Aplicaciones estratégicas del condicionamiento clásico

Los primeros teóricos del condicionamiento clásico consideraban los organismos como entidades relativamente pasivas, a quienes se podía enseñar ciertas conductas a través de la repetición (el condicionamiento). En el lenguaje cotidiano, la palabra condicionamiento ha llegado a significar una respuesta automática ante una situación determinada, provocada por la exposición repetida.

El filósofo ruso Iván Pavlov fue el primero que describió los reflejos condicionados y propuso un modelo general para explicar como ocurre el aprendizaje.

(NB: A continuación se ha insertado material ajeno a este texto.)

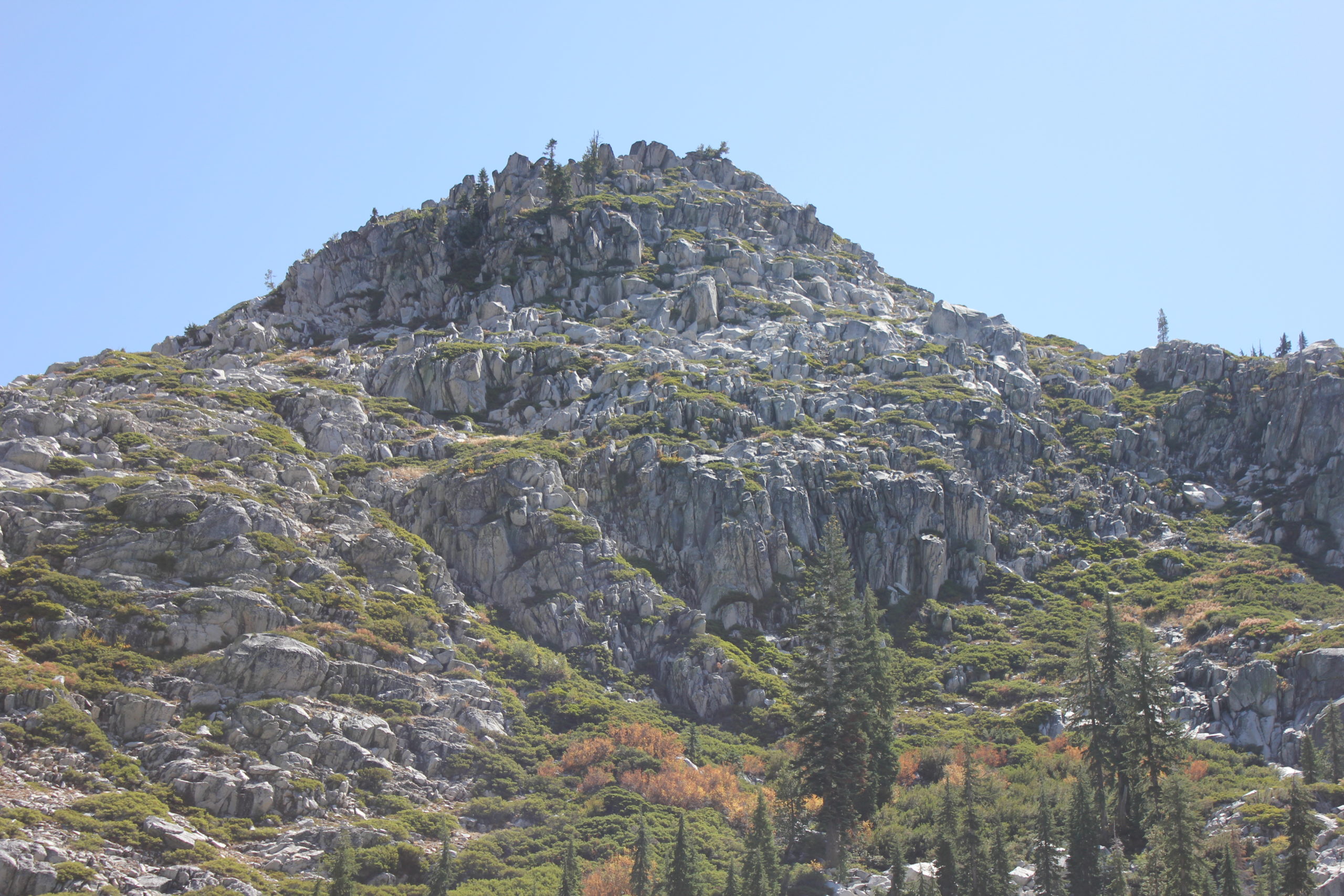 The cool and vacant morning air was replaced the daily surge of warmth in the afternoon. Without any agenda, or online list of things to do, or cell phone reminders, we managed to accomplish a great assortment of meaningless milestones before dinner. David persuaded my tent to stay up by itself, cleaned up his sleeping gear, and assembled his fishing pole. I tidied up the camp and stowed the food away from varmints. I fantasized about making a raft and anchoring our larder out in the lake, but had disturbing visions of a flotilla of marauding chipmunks in tiny bark canoes. They were much bolder at this campsite, which was by far the most often-used site accessible from the Bear Creek trailhead. Several well-fed specimens just sat around on the rocks all around our campsite, expectantly fixing their beady little eyes on our backpacks, and waiting for us to leave them unguarded. With no dogs around, they were downright disrespectful.

Según la teoría Pavloviana, el aprendizaje condicionado se presenta cuando un estímulo que va asociado con otro estimulo, el cual produce una respuesta conocida, es suficiente para generar la misma respuesta cuando se utiliza por sí solo.

Pavlov demostró lo que quería decir con el aprendizaje condicionado en sus estudios con perros. Genéticamente, los perros muestran una gran motivación para comer. En un experimento Pavlov, hacía sonar la campana e inmediatamente después colocaba un pedazo de carne (estimulo no condicionado) en la lengua de los perros, lo cual inducia en estos la salivación.

El aprendizaje (condicionamiento) se produjo cuando, después de un número de repeticiones suficiente donde el sonido de la campana (estimulo condicionado) era seguido casi inmediato por el suministro del alimento.  El solo sonido de la campana por si solo indujo la salivación de los perros.

En el contexto del comportamiento del consumidor, un estímulo no condicionado seria algún símbolo de marca bien conocida, por ejemplo una crema dental que por un largo periodo de aprendizaje los consumidores consideren la mejor opción contra la caries, los estímulos condicionados podría ser las diferentes versiones del dentífrico, cepillos dentales, hilos limpiadores y enjuagues bucales.

Cabe destacar que en el comportamiento clásico se derivan tres elementos básicos: repetición, generalización del estímulo y discriminación entre estímulos. Cada uno de estos elementos resulta importante para las aplicaciones estratégicas del conocimiento respecto al consumidor.

Repetición: la repetición aumenta la fuerza de asociación entre un estímulo condicionado y un estímulo no condicionado, y vuelve más lento el proceso del olvido. Sin embargo hay un límite en el número de repeticiones que le ayudaran a la retención.

Generalización del estímulo: el aprendizaje, de acuerdo a investigaciones, no depende únicamente de la repetición sino de la capacidad de los individuos para genera generalizaciones. Pavlov descubrió que un perro era capaz de aprender a salivar no solo al oír el sonido de la campana; sino también con otro sonido, un tanto similar, agitando un manojo de llaves. Los mercadólogos aplican el principio de generalización en extensiones de línea y la categoría de productos.

Discriminación entre estímulos: la discriminación entre los estímulos es el caso opuesto de le generalización entre estímulos y trae como resultado la selección de un estímulo especifico entre varios similares. El objetivo fundamental de una estrategia de posicionamiento es logar que el consumidor diferencie entre estímulos similares, al establecer una imagen única para una marca en la mente del consumidor.